US 12,217,760 B2
Metadata-based diarization of teleconferences
Eilon Reshef, Tel Aviv (IL); Hanan Shteingart, Herzliya (IL); Zohar Shay, Even Yehuda (IL); and Shlomi Medalion, Ramat Gan (IL)
Assigned to GONGIO Ltd., Ramat-Gan (IL)
Filed by GONG.IO LTD., Ramat Gan (IL)
Filed on Jan. 30, 2022, as Appl. No. 17/588,296.
Application 17/588,296 is a continuation in part of application No. 16/297,757, filed on Mar. 11, 2019, granted, now 11,276,407.
Claims priority of provisional application 62/658,604, filed on Apr. 17, 2018.
Prior Publication US 2022/0157322 A1, May 19, 2022
This patent is subject to a terminal disclaimer.
Int. Cl. G10L 17/06 (2013.01); G06V 30/19 (2022.01); G06V 40/16 (2022.01); G10L 17/02 (2013.01); G10L 17/04 (2013.01); G10L 17/18 (2013.01); H04L 65/403 (2022.01); G10L 21/028 (2013.01)

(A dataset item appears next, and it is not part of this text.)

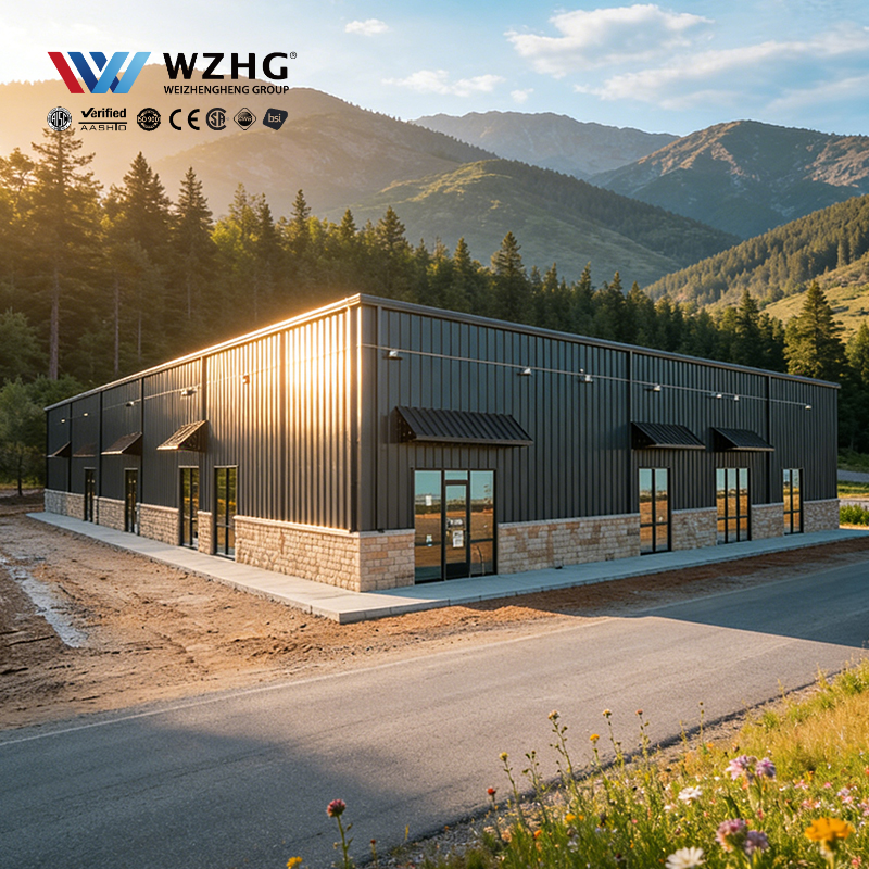 โกดังโครงสร้างเหล็กทนลม สำเร็จรูป ป้องกันพายุเฮอริเคน ผิวเคลือบกัลวาไนซ์ อายุการใช้งาน 50 ปี โรงงานอุตสาหกรรม
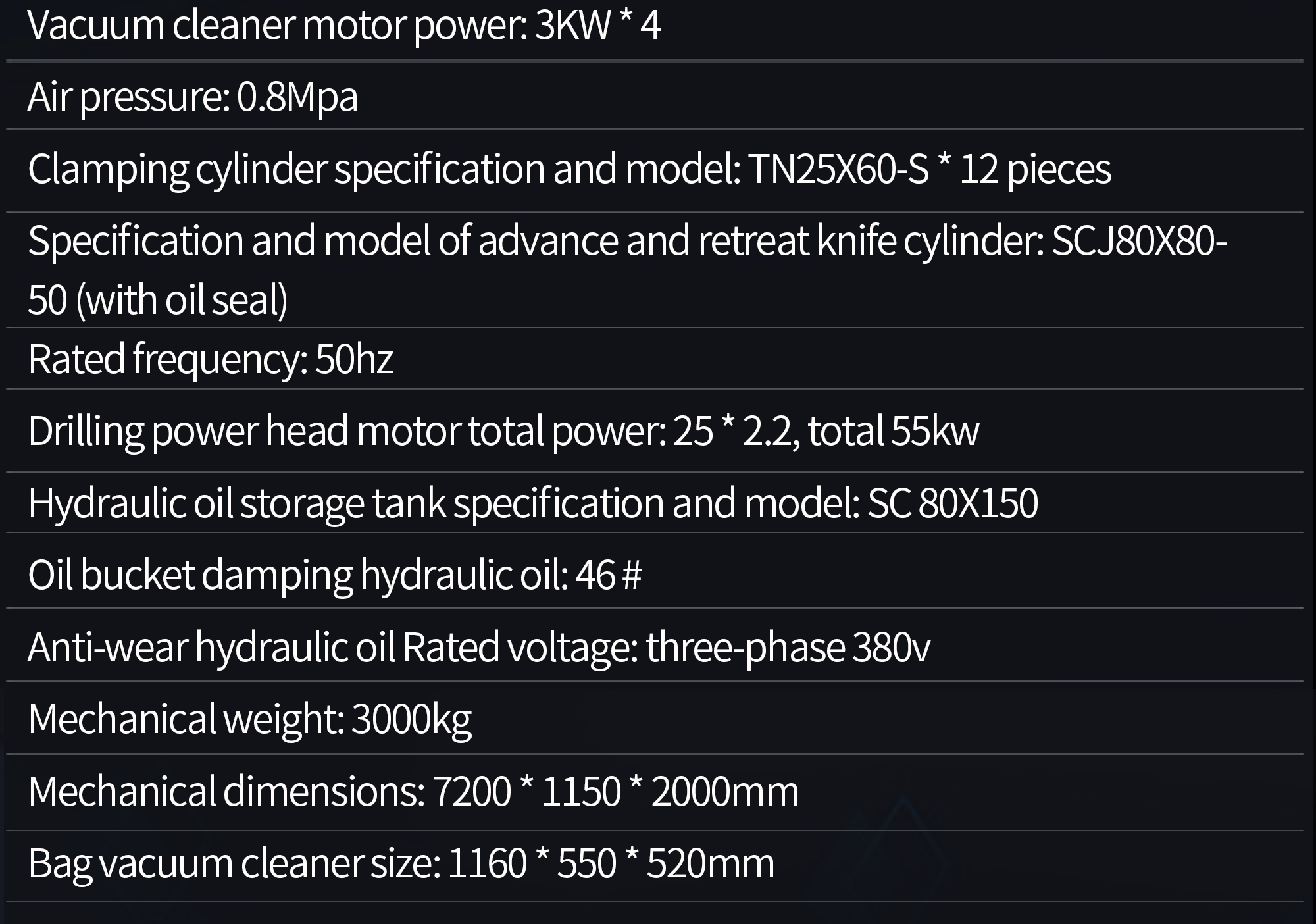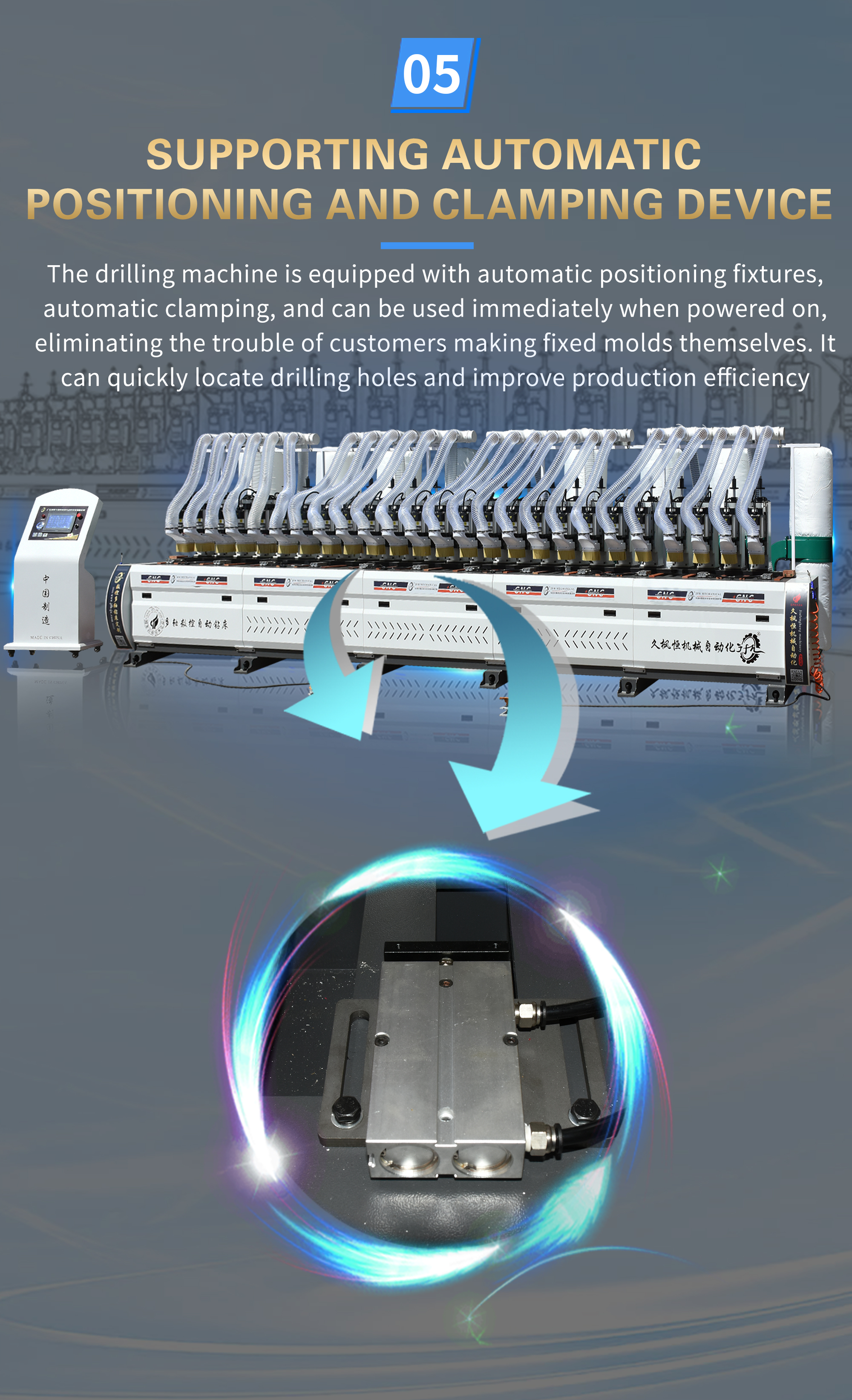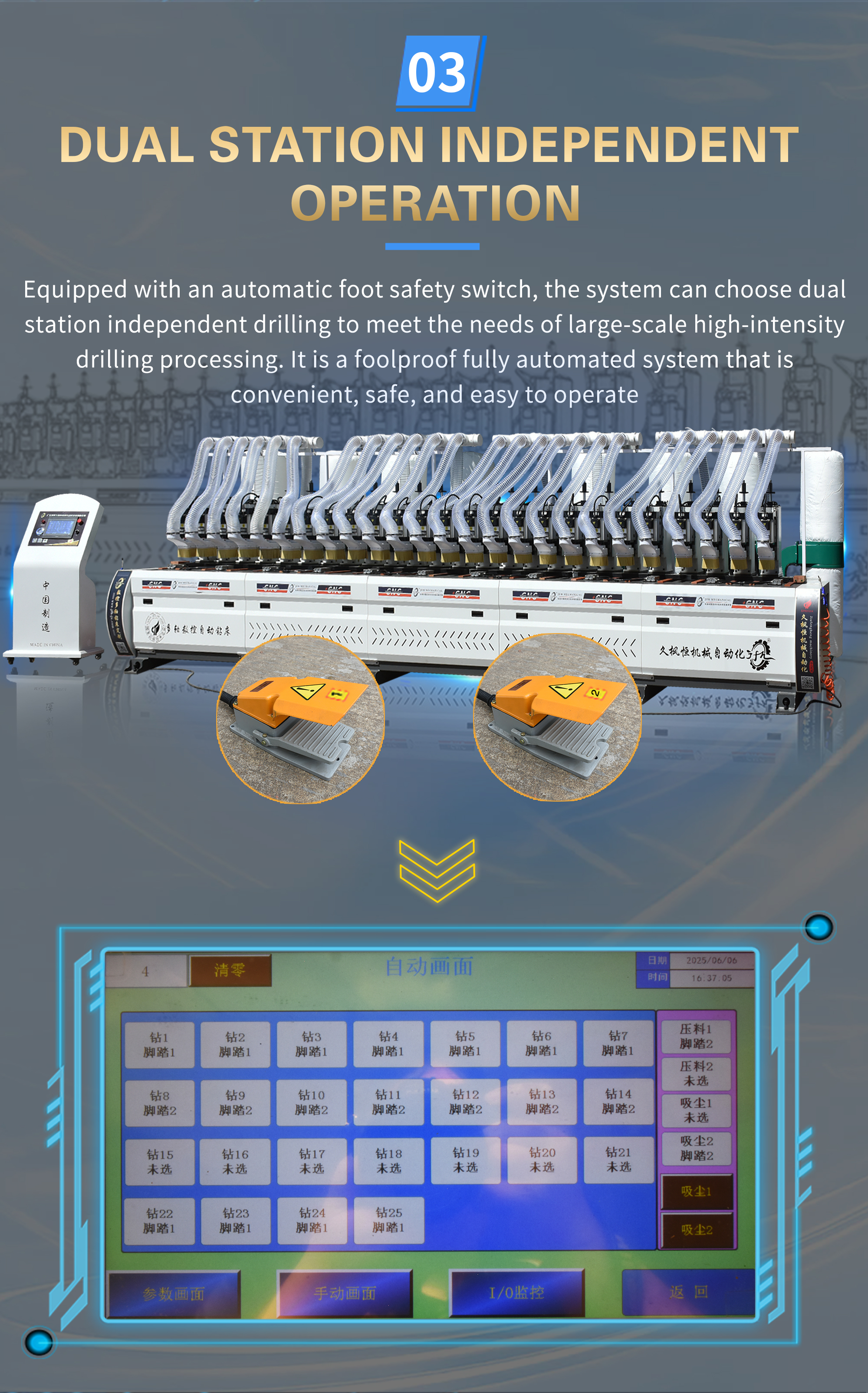 This machine is specially designed and manufactured for drilling marine glass fiber reinforced plastic grating. The whole machine has a vertical structure and is equipped with 19 sets of drilling power heads and 38 spindles. The length of the processable workpiece is 5800MM, the diameter of the drilling hole is 8.5MM, the wall thickness is 5-15MM, the drilling depth is adjustable, the artificial intelligence interface is used to control the rotation of the drilling power head, 38 drilling holes

CPC G10L 17/06 (2013.01) [G06V 30/19 (2022.01); G06V 40/172 (2022.01); G10L 17/02 (2013.01); G10L 17/04 (2013.01); G10L 17/18 (2013.01); H04L 65/403 (2013.01); G10L 21/028 (2013.01)] 35 Claims
OG exemplary drawing
 
1. A method for audio processing, comprising:
receiving, in a computer, a recording of a teleconference among multiple participants over a network, the recording including an audio stream containing speech uttered by the participants and information outside the audio stream;
processing the audio stream by the computer to identify speech segments, in which one or more of the participants were speaking, interspersed with intervals of silence in the audio stream;
extracting speaker identifications, which are indicative of the participants who spoke during periods of the teleconference, from the information outside the audio stream in the received recording, so as to provide for a plurality of periods the of the teleconference, corresponding speaker identifications;
labeling a first set of the identified speech segments from the audio stream with the speaker identifications extracted from the information outside the audio stream in the received recording, wherein each speech segment from the audio stream, in the first set, is labelled with a speaker identification of a period corresponding to a time of the speech segment;
extracting acoustic features from the speech segments in the first set;
learning a correlation between the speaker identifications labelled to the segments in the first set, and the extracted acoustic features extracted from the corresponding segments of the first set; and
relabeling one or more of the identified speech segments of the first set, using the learned correlation, to indicate the participants who spoke based on the learned correlation instead of the speaker identifications extracted from the information outside the audio stream.